Records shown:
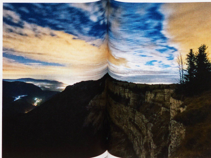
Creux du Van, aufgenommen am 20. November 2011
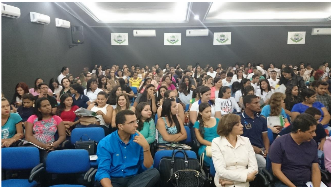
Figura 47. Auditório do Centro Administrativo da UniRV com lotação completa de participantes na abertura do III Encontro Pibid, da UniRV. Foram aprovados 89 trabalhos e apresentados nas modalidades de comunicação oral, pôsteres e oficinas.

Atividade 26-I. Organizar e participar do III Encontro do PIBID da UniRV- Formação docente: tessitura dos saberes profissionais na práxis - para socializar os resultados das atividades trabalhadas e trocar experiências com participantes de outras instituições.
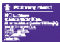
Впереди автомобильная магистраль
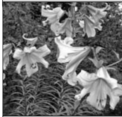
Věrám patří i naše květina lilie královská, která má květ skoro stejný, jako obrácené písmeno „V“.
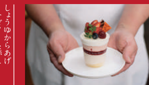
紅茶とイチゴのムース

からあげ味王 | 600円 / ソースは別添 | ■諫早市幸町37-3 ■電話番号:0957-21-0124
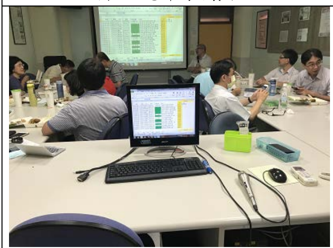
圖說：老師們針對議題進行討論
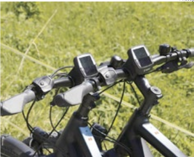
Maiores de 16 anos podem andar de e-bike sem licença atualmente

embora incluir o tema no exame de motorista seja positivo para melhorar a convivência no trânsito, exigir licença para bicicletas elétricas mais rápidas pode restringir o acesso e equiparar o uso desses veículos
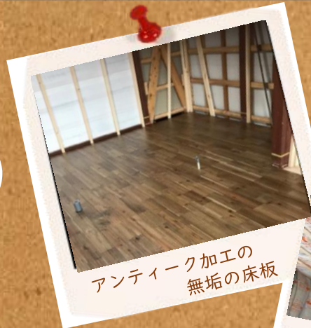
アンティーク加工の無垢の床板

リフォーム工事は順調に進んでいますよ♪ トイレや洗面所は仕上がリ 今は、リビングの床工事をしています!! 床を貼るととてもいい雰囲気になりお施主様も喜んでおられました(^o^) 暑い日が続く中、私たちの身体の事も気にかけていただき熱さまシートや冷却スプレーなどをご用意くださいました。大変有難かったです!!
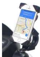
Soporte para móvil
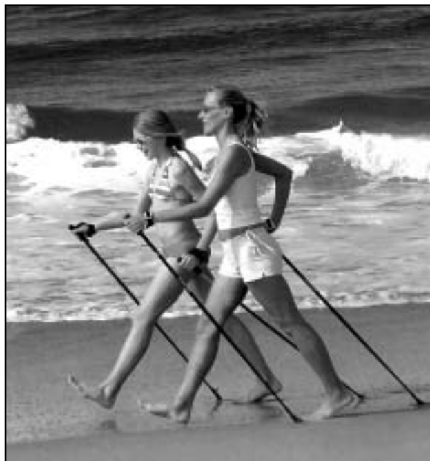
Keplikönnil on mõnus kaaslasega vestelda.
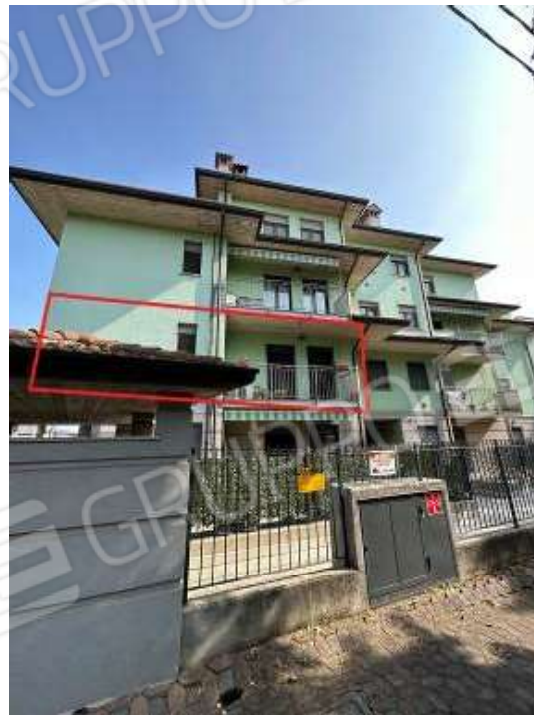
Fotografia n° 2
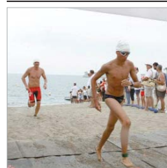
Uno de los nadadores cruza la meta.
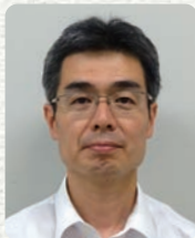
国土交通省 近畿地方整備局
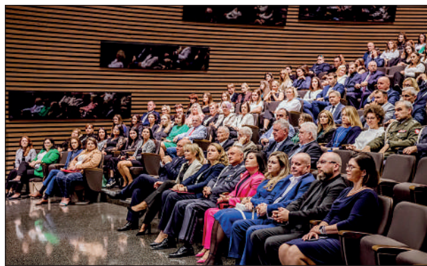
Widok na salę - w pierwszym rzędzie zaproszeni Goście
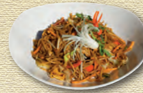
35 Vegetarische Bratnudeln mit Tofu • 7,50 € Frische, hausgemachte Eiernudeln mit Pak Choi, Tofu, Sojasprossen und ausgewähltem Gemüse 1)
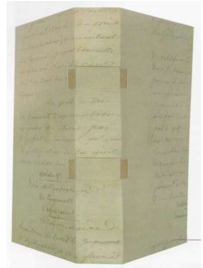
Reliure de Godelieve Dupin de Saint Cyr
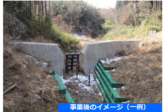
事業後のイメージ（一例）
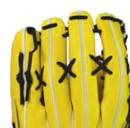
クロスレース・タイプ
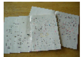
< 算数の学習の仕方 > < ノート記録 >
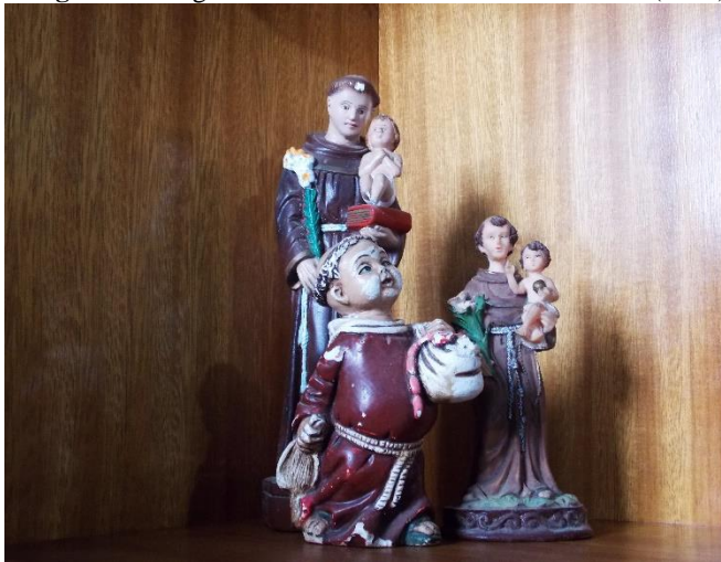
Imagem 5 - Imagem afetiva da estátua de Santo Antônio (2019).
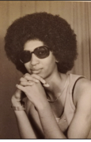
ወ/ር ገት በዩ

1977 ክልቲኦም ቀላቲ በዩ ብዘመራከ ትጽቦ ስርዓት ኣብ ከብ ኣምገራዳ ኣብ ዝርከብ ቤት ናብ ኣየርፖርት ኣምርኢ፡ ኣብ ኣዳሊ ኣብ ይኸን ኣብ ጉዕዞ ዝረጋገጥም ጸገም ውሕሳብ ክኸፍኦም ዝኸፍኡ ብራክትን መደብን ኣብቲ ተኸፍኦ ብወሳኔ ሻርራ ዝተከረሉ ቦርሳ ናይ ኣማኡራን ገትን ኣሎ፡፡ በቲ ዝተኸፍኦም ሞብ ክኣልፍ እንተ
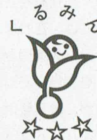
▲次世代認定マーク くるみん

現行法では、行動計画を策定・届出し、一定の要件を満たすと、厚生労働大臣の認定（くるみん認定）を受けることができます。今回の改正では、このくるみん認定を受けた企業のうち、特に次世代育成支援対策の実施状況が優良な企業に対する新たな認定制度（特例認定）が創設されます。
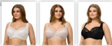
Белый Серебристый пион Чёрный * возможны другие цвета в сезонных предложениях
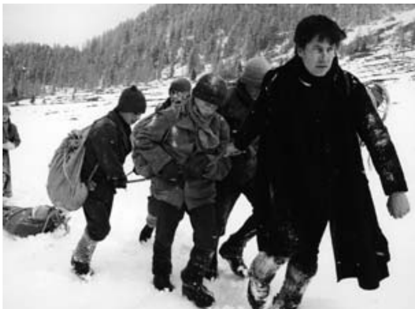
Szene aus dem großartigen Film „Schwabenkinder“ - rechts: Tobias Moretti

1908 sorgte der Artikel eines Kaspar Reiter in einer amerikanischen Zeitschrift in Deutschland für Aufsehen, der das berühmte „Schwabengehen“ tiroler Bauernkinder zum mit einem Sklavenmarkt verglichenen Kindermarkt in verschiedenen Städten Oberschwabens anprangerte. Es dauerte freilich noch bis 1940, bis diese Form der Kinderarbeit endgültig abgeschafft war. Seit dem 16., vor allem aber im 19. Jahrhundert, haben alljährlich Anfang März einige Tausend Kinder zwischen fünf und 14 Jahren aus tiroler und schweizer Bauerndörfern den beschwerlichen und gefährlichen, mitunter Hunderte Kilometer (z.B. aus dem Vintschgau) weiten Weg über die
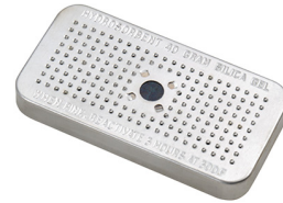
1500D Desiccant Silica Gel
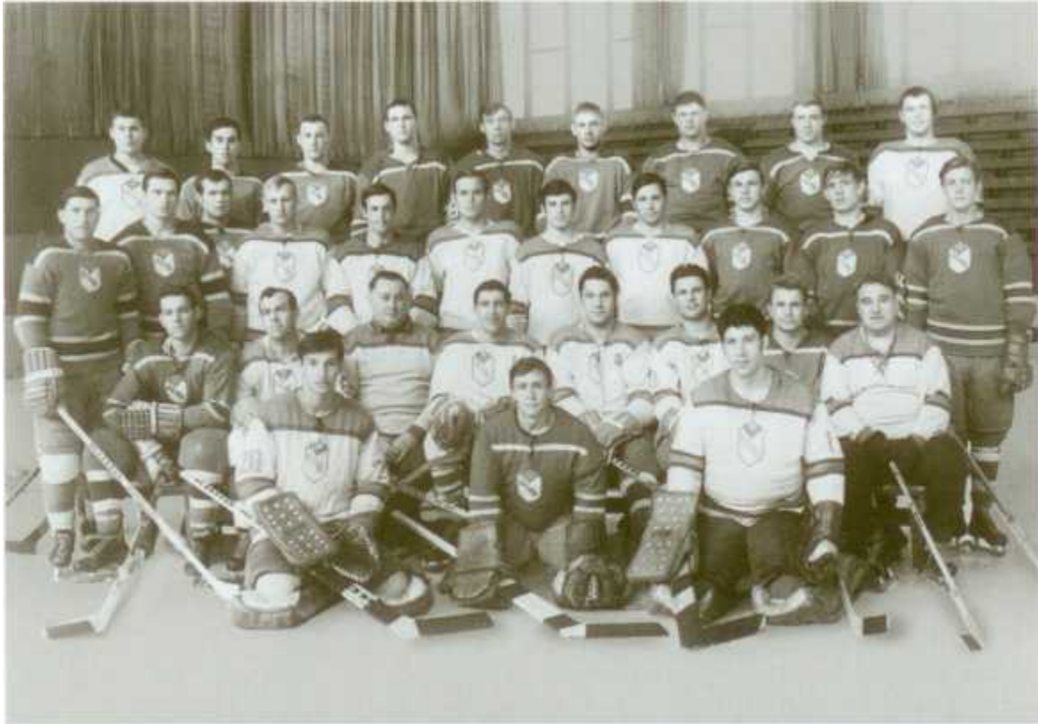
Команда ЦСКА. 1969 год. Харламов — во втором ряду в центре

What to do:
Where a line above contains the word "UniRV", show that line.

Solution to this exercise:
Figura 47. Auditório do Centro Administrativo da UniRV com lotação completa de participantes na abertura do III Encontro Pibid, da UniRV. Foram aprovados 89 trabalhos e apresentados nas modalidades de comunicação oral, pôsteres e oficinas.
Atividade 26-I. Organizar e participar do III Encontro do PIBID da UniRV- Formação docente: tessitura dos saberes profissionais na práxis - para socializar os resultados das atividades trabalhadas e trocar experiências com participantes de outras instituições.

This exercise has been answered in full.